* TASK DIRECTIONS:
Set down exactly the lines below between the line holding "Selling a pair" and the line holding "По двум сохранившимся", inclusive; no other line belongs in the answer.

* LISTED ENTRIES:
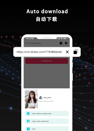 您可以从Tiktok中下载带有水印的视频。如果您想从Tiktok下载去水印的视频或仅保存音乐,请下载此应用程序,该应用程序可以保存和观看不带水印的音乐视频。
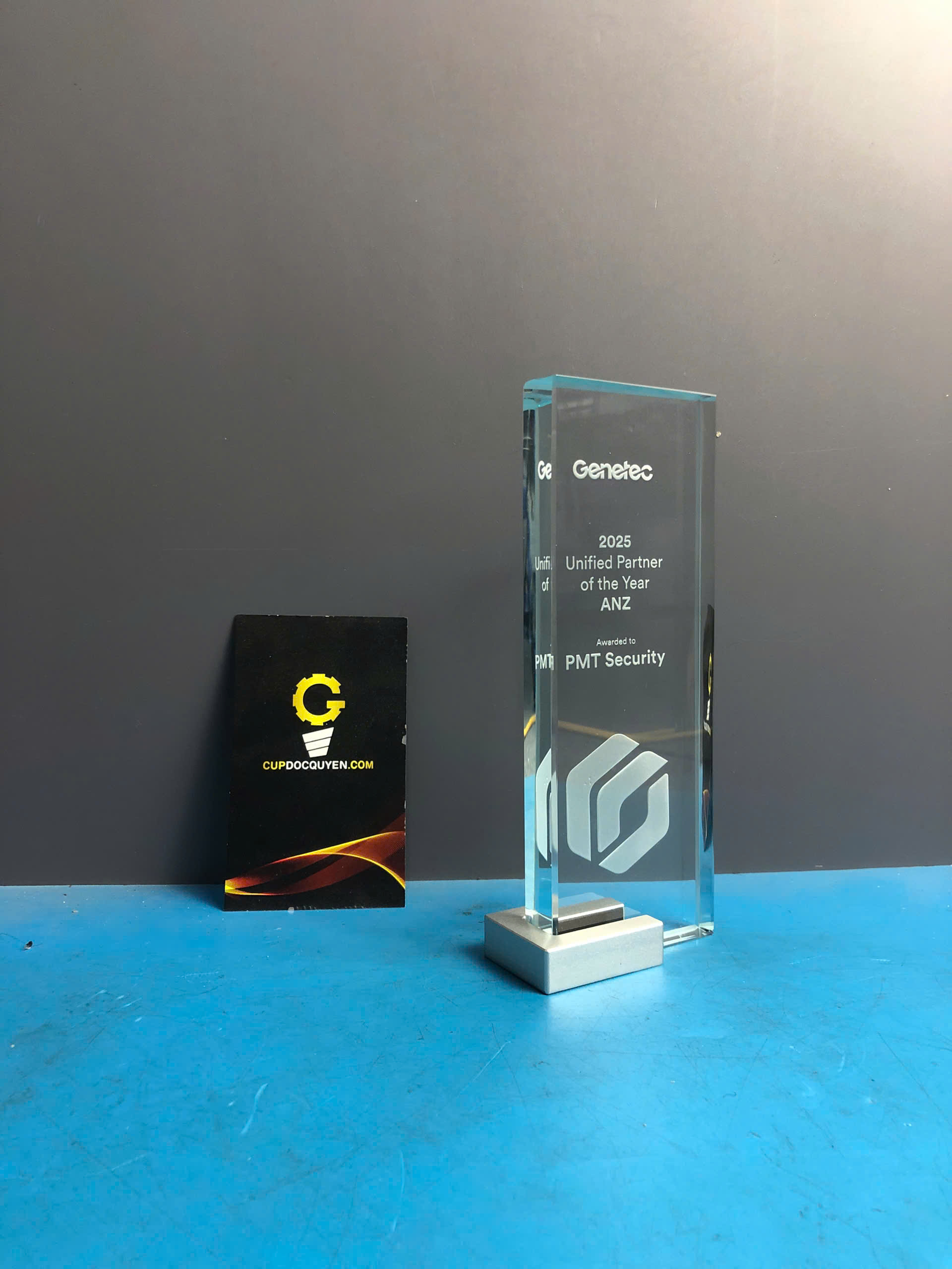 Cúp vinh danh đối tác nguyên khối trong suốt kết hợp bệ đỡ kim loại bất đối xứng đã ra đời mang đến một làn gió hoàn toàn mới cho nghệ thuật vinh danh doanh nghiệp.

==

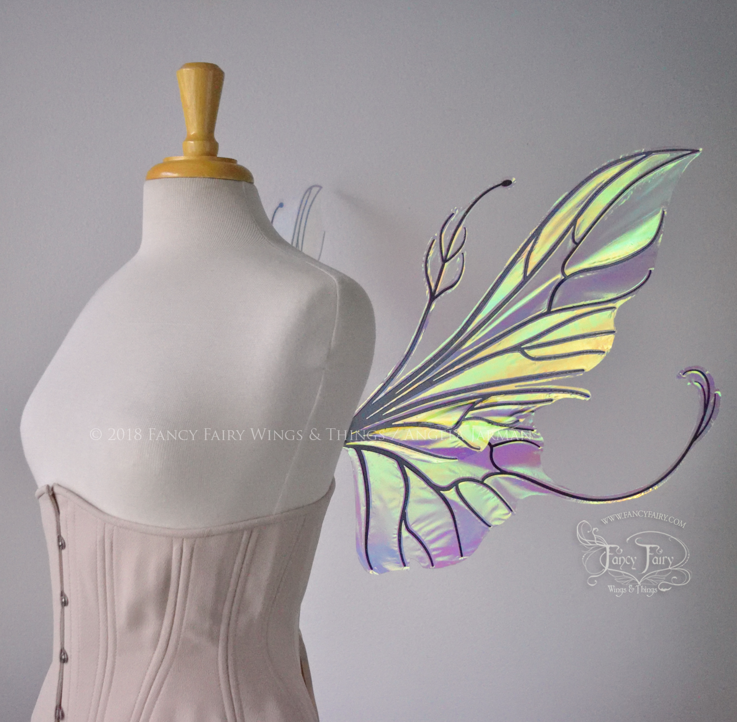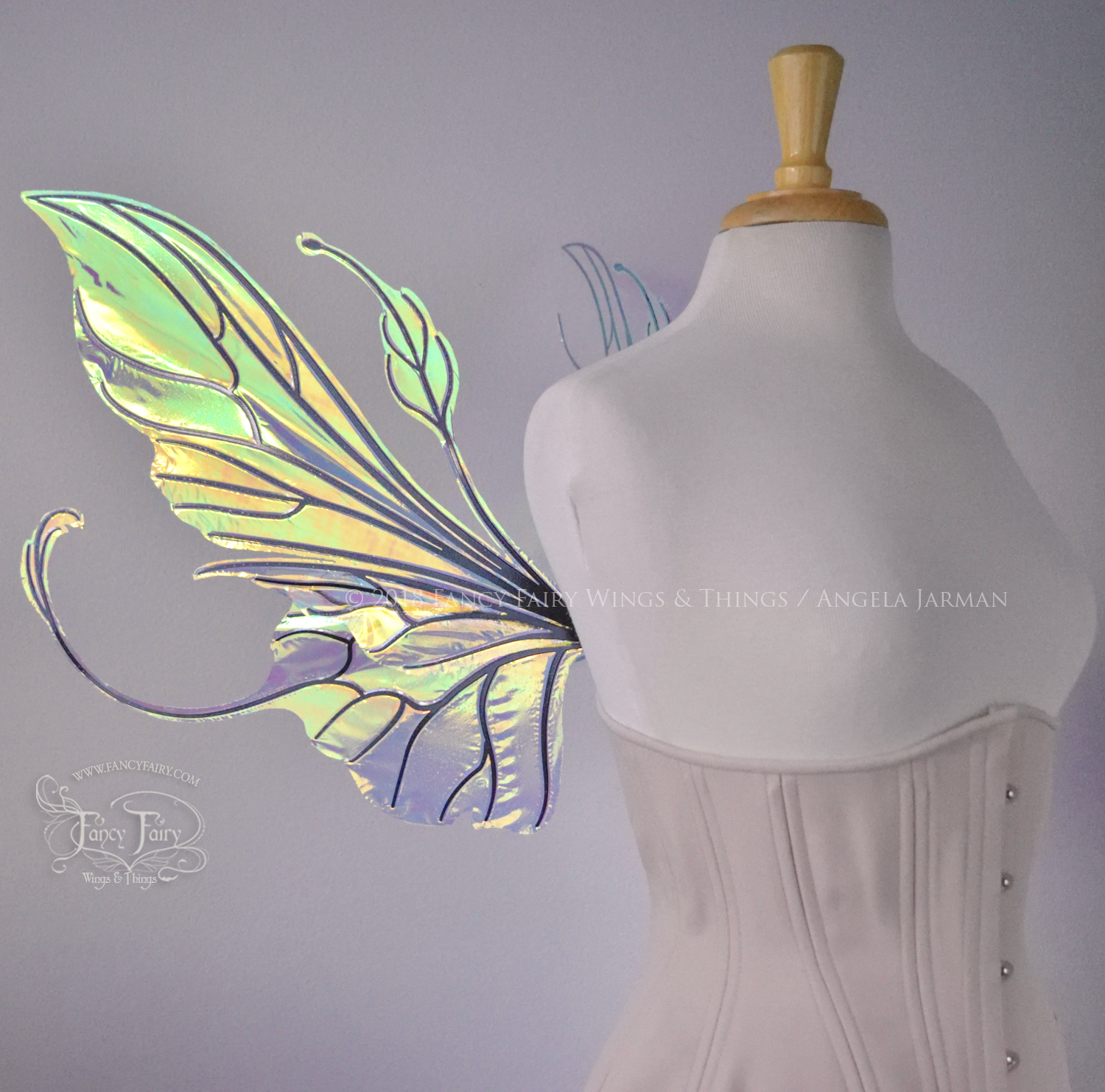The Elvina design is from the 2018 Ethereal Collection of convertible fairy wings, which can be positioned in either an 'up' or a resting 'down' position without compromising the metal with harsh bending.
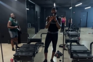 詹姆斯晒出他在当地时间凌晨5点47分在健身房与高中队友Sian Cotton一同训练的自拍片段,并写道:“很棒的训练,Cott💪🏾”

==

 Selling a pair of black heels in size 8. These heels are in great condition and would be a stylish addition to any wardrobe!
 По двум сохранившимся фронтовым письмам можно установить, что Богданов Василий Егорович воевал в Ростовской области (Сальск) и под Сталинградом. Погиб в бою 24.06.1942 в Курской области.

* ANSWER FOR THE TASK:
 Selling a pair of black heels in size 8. These heels are in great condition and would be a stylish addition to any wardrobe!
 По двум сохранившимся фронтовым письмам можно установить, что Богданов Василий Егорович воевал в Ростовской области (Сальск) и под Сталинградом. Погиб в бою 24.06.1942 в Курской области.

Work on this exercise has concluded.